Pipes laid between 2012 and 2014 are dry and rusted, and the land is now bushy. Anthills as tall as five metres high are all over the land.
This is the current situation at the 1,000-acre Tot-Kolowa Irrigation Scheme in Baringo County.
In the Sh245 million Kenya Red Cross project, about Sh160 million was spent on laying pipes on the parcel of land.
Water for use at the irrigation scheme was sourced from River Embombut in Elgeyo Maraket. Baringo County was to do 500 acres while Elgeyo Marakwet cultivates the remaining 500 acres.
The project was not only meant to address the issue of food security but also to bring the two warring communities of Pokot and Marakwet together.
But now, all that remains of the noble project are rusty pipes in the bush, some of which have been vandalised, thanks to persistent insecurity.
The Kenya Red Cross Society says it did not abandon the project, but it stalled due to the persistent conflict between the Pokot and Marakwet communities.
"Historically, the two communities have never had peace. The Marakwet were not happy to have their water used by the Pokot and pipes were disconnected.

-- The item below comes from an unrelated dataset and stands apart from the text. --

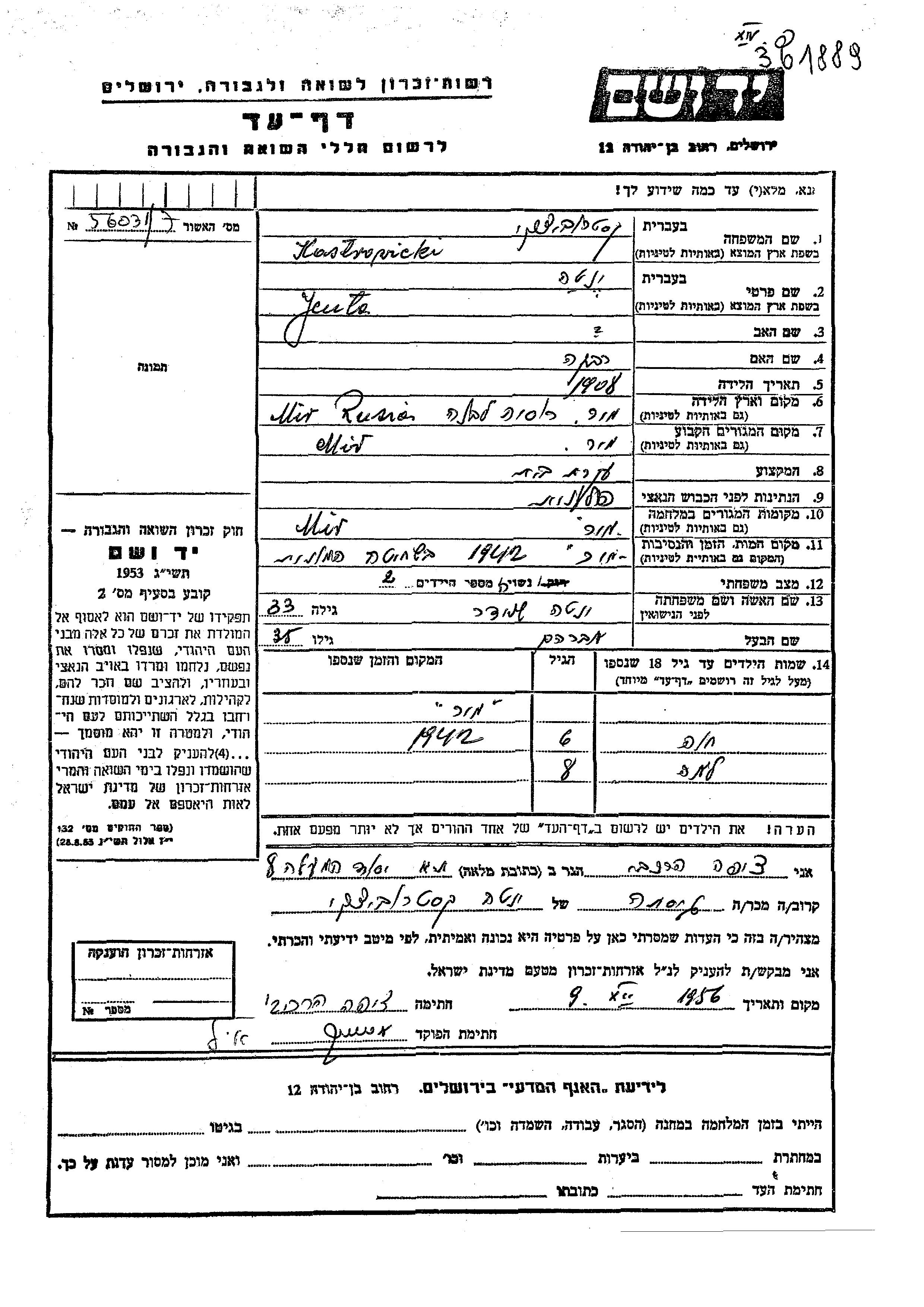 Yenta Kastrowicki nee Shneider was born in Nur, Poland, 1908 to Rivka. She was a housewife and married to Avraham. Prior to WWII she lived in Mir, Poland. During the war she was in Mir, Poland. Yenta was murdered in the Shoah. Place of death: Mir, Poland, 1942.

Despite the communities signing a peace pact, the conflict went on," says Noela Musundi, the society's Public Relations and Communications Manager.
Meshack Narem, a resident, says he was among the first farmers to cultivate land in the scheme between 2012 and 2013. He cultivated half an acre and harvested over 40 bags of maize. He describes the land as virgin.
He says the Pokot and Marakwet do not see other eye to eye. Their animosity dates back in 2014 when two clans in Marakwet fought over land.
“The clans of Kapisioch and Kapsiran were battling over land. Kapisioch was displaced and they sought refuge among the Pokot.
The Kapsiran community attacked us, asking why we accommodated their enemies,” says Narem.
Since the source of water was River Embobut in Elgeyo Marakwet, water supply to the scheme was disconnected and the project literally died.
Narem says in the short period that the scheme was in operation, many residents benefited. They had two planting seasons in a year.
Musundi now says they have no problem resuscitating the project but the society lacks funds.